*Exercise prompt*. The lines to copy are those in the listing that hold the word "imigração".

[[ Entries shown open ]]

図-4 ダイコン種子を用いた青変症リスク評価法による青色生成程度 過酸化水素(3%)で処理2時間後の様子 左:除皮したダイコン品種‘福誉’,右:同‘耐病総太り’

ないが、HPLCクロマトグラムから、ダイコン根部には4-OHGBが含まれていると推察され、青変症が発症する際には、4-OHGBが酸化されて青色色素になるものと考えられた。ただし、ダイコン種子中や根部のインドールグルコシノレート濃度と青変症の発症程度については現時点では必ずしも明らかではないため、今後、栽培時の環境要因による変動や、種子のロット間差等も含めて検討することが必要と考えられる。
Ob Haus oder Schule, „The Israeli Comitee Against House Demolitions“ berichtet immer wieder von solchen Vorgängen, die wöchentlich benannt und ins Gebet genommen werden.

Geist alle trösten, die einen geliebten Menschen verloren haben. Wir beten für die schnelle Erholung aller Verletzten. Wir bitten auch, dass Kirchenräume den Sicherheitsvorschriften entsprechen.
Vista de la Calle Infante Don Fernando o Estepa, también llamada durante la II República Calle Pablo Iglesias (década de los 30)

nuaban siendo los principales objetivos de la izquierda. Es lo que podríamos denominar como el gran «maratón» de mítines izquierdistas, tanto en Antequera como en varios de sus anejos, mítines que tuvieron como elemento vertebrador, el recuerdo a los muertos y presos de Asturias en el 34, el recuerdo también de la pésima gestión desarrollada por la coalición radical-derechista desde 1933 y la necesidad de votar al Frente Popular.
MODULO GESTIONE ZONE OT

[[ Entries shown closed ]]
[[ Entries shown open ]]

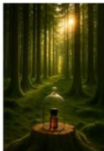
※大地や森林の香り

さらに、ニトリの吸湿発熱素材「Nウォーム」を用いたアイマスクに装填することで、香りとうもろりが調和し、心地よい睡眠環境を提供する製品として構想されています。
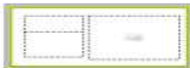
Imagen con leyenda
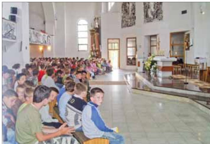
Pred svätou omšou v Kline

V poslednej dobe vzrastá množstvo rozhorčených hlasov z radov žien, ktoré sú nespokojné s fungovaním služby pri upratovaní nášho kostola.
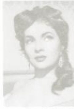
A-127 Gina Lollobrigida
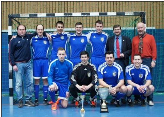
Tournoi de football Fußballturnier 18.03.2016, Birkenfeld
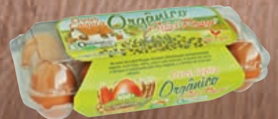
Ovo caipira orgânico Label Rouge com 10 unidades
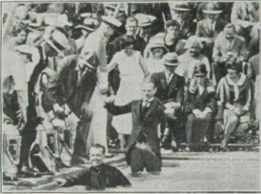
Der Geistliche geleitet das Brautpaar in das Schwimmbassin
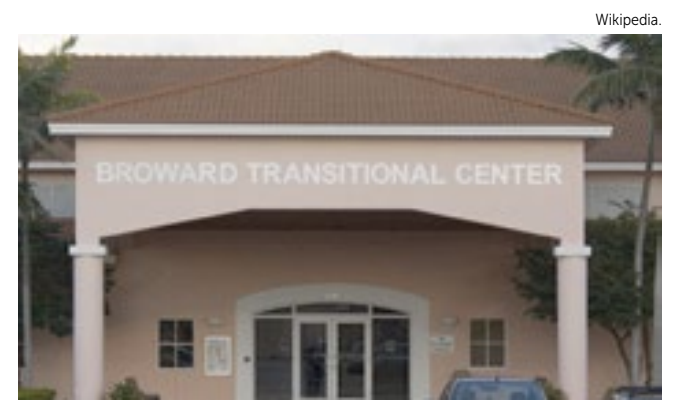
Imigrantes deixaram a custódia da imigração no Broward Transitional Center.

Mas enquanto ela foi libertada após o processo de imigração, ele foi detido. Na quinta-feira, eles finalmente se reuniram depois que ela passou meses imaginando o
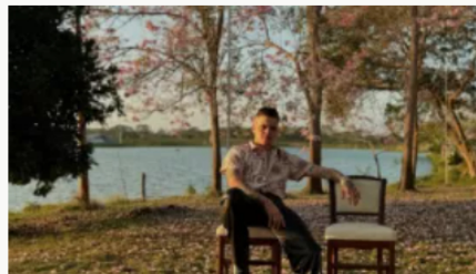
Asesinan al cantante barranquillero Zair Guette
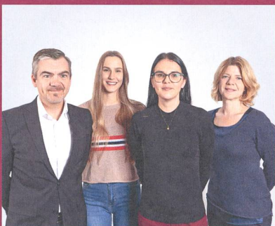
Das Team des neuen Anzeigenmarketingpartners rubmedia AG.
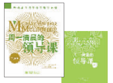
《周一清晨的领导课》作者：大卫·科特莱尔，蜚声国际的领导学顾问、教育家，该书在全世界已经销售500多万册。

[[ Entries shown closed ]]

*Reply*.
Imigrantes deixaram a custódia da imigração no Broward Transitional Center.
Mas enquanto ela foi libertada após o processo de imigração, ele foi detido. Na quinta-feira, eles finalmente se reuniram depois que ela passou meses imaginando o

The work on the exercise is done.